Bewertung der Software, die die in Anhang B(11) erforderlichen Anweisungen zum manuellen Zurücksetzen des Herstellers integriert 

Zunächst sollten die Anweisungen des Herstellers zum Zurücksetzen ausgewertet werden, um sicherzustellen, dass die Anweisungen die Daten als unzugänglich erachten und nicht nur die Konfiguration des Geräts zurücksetzen. Dies ist ein wichtiger Unterschied zur Erfüllung von Anhang B (11)(a).

Zweitens sollte der Arbeitsablauf so konfiguriert werden, dass der Prozess fehlschlägt, wenn es während des Bereinigungsprozesses zu Unterbrechungen oder Fehlern im Zusammenhang mit einer unwirksamen Löschung kommt, um Anhang B (11)(b) zu erfüllen.

Drittens würde „mit Software-Patches gewartet“ erfüllt, indem die Anweisungen in der Software mit Herstelleränderungen aktualisiert werden. Eine schriftliche Dokumentation eines automatisierten Prozesses oder ein manueller Zeitplan zur Überprüfung auf Aktualisierungen und eine Aufzeichnung der Aktualisierungen der Anweisungen könnten eine Methode sein, um Nachweise zu erbringen, die Anhang B (11)(c) entsprechen.

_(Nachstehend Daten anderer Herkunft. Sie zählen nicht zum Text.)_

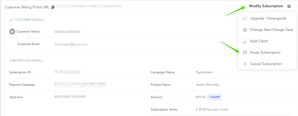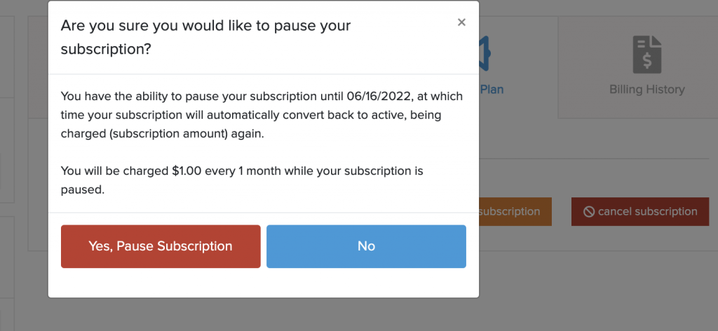 Once you’re sure everything is correct, click the Pause Subscription button to pause the customer’s subscription.
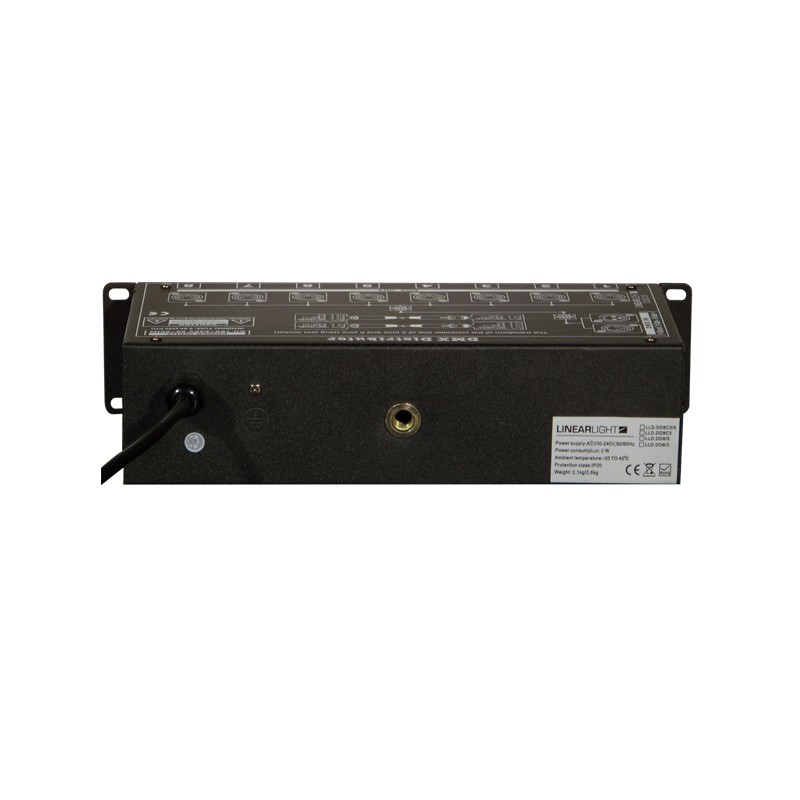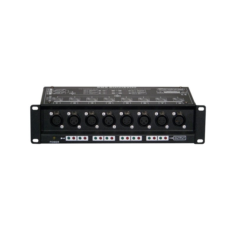 Ce distributeur DMX compact dispose d’une entrée, de 4 sorties isolées XLR 3 broches et 4 sorties XLR 5 broches. Il est équipé d’un insert femelle M10 pour une fixation avec un crochet sur une structure aluminium.
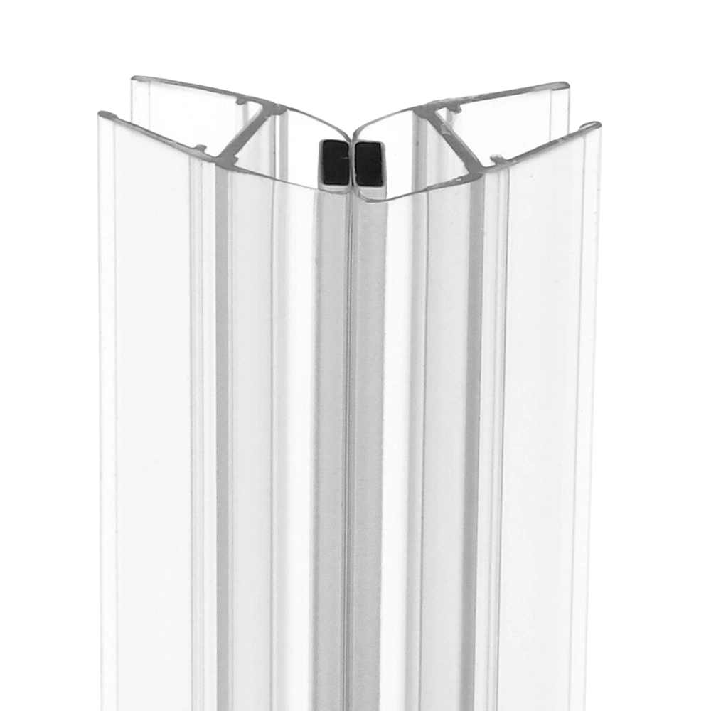 Transparante afdichting met magnetische sluitstrip voor zijdelingse montage op douchedeuren die elkaar raken onder een hoek van 135°. Het waterafstotende profiel kan op maat worden gesneden, hecht...
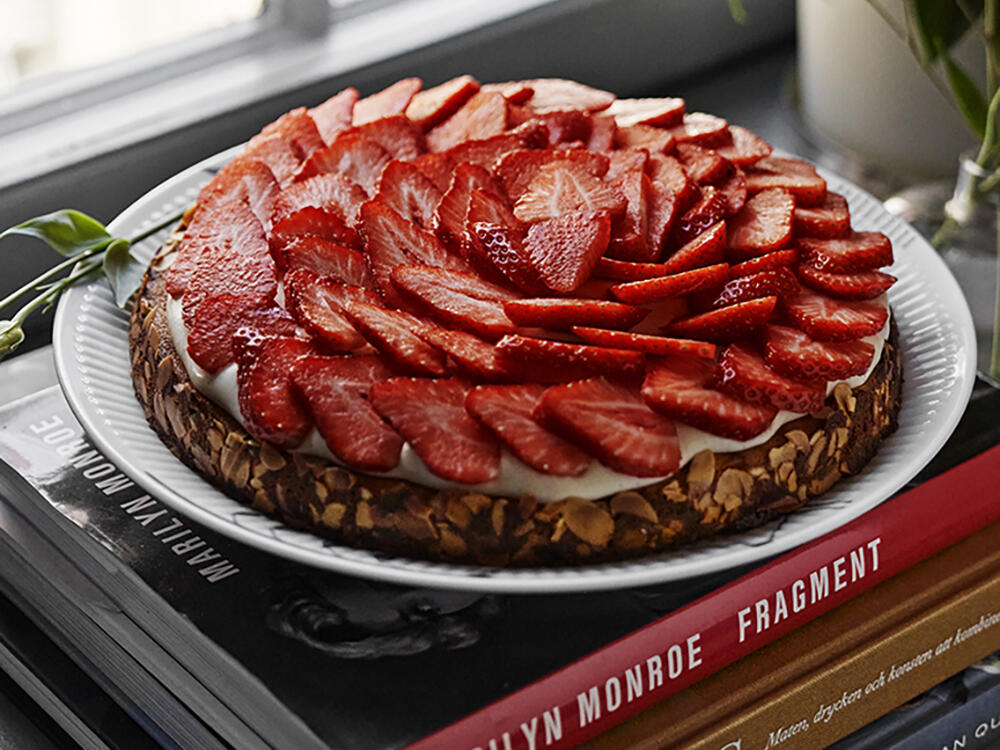 Roy Fares mandeltårta med jordgubbar

Die Überprüfung der aktuell unterstützten Version durch die Verwendung der Reset-Anweisung des Herstellers bedeutet sicherzustellen, dass die aktuellsten Anweisungen implementiert werden. Dies erfordert einen Prozess, um die Website des Herstellers oder andere Quellen routinemäßig auf Updates zu überprüfen. Die Version oder das Datum der verwendeten Anweisungen sollte im Desinfektionsprotokoll jedes Geräts festgehalten werden. Sollte jemals ein Fehler in den Anweisungen des Herstellers gefunden werden, kann die Einrichtung anhand dieser Aufzeichnungen die Geräte identifizieren, die anfällig sind und behoben werden müssen.